[R]eading List for Andrej Karpathy’s “Busy person’s intro to Large Language Models” Video

FallMindless3563@alien.top · 3 years ago

[R]eading List for Andrej Karpathy’s “Busy person’s intro to Large Language Models” Video

akardashian@alien.top · 3 years ago

thanks for compiling!

um-xpto@alien.top · 3 years ago

Nice! Thank you for your work.

Regarding the video.

Q1) minute 14:14 Finetuning into an Assistant, when you have multiple tasks / datasets with diverse outputs how is training performed ? Are all datasets combined in a single training ? Or Is finetuning done over a previous finetuning ? Or the question is parsed and sent to a specific model ?

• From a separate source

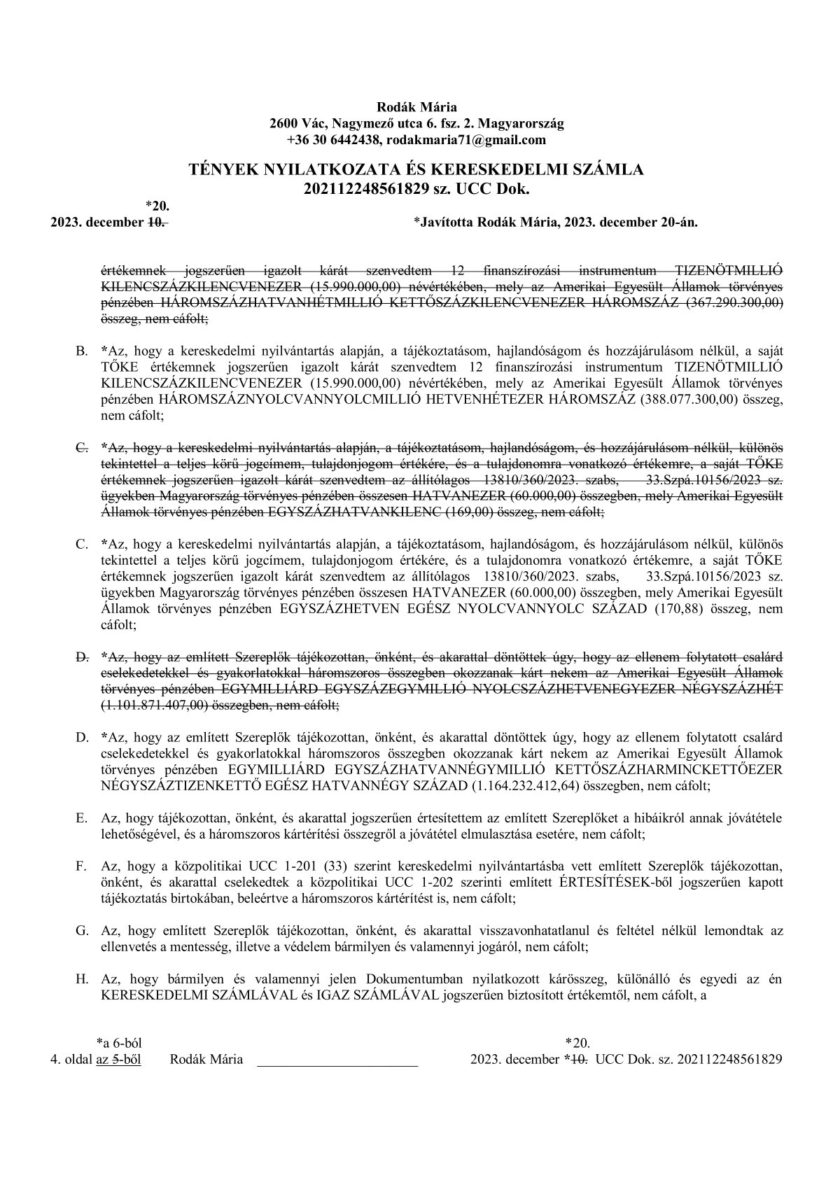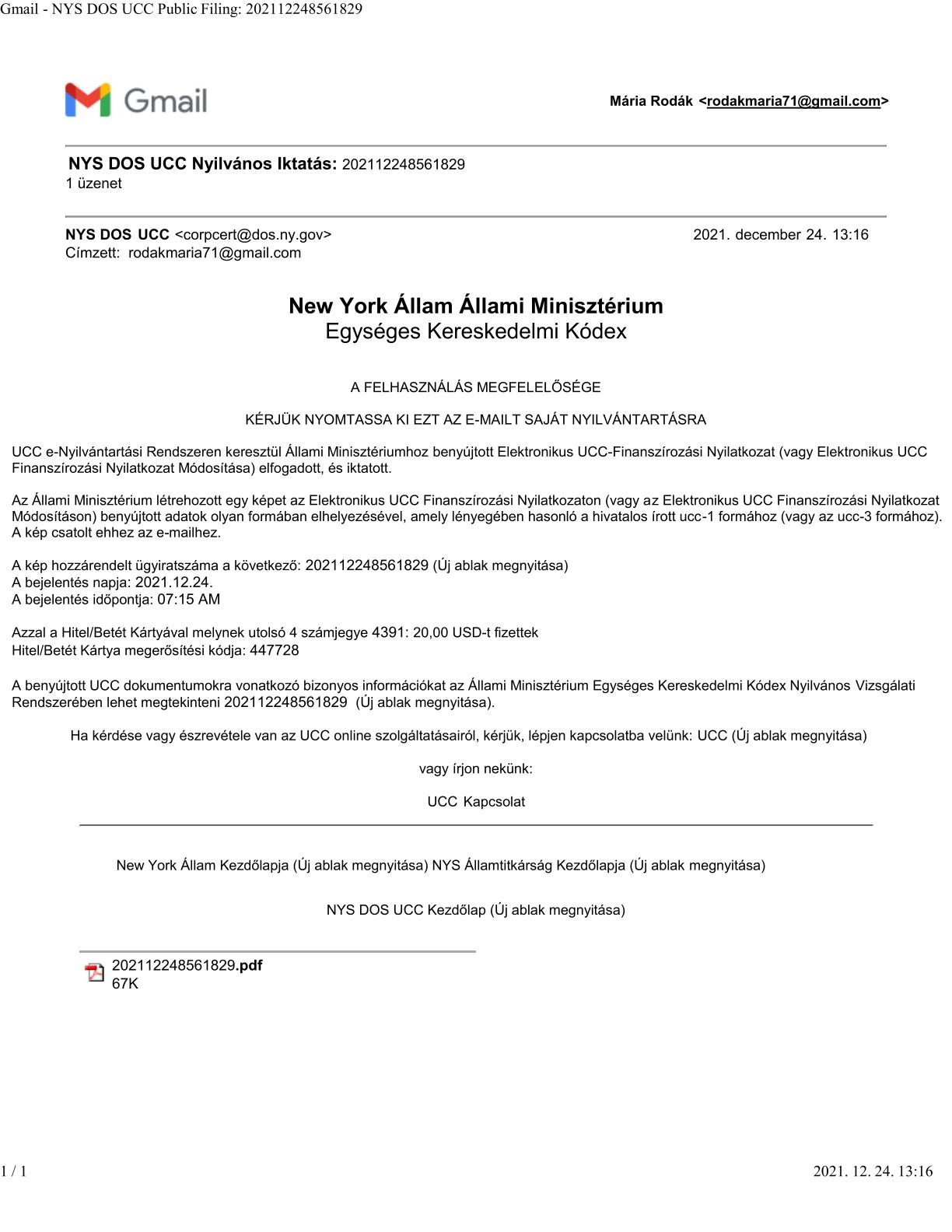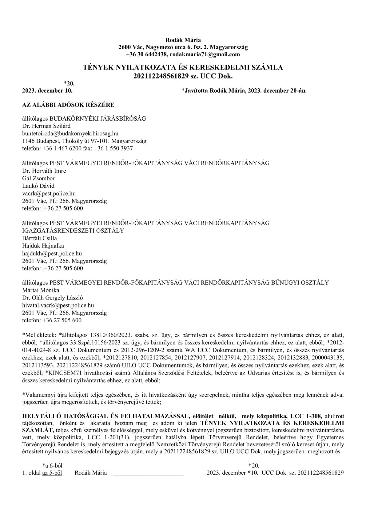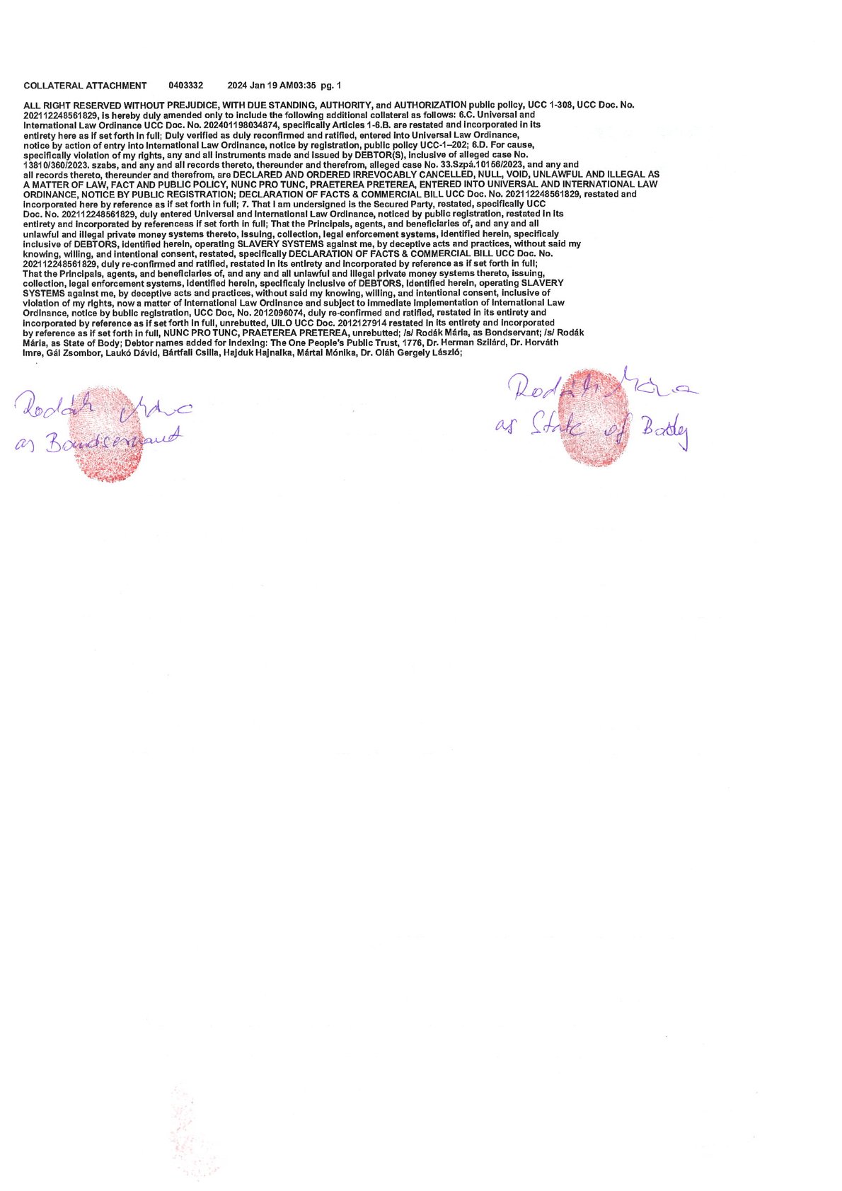 202112248561829 sz. UCC FINANCING STATEMENT(UCC FINANSZÍROZÁSI NYILATKOZAT) (UCC Dok.),és annak elfogadása ("irányadó jog”: 2012-296-1209-2 sz. WA UCC Dok.: „..Ez az egyetlen elfogadás, amit kap…”), és ezek magyar fordításai:

Q2) minute 27:43 Tool Use (Browser, Calculator, etc. ) Anyone has links for similar implementations for llama and how is done or what kind of tech/frameworks are used ?

Disastrous_Elk_6375@alien.top · 3 years ago

Q2) minute 27:43 Tool Use (Browser, Calculator, etc. ) Anyone has links for similar implementations for llama and how is done or what kind of tech/frameworks are used ?

The naive way is to use langchain, but that’s hit and miss for several reasons, and whatever you build will be held together by duct tape and prayers. Alternative frameworks include Haystack and Griptape.

I’ve found that for local models the best tool-usage you can get is by using an advanced control library. This gives you a lot of flexibility in organising the prompts and “helping” the local models a lot. Guidance and LMQL are two such libraries.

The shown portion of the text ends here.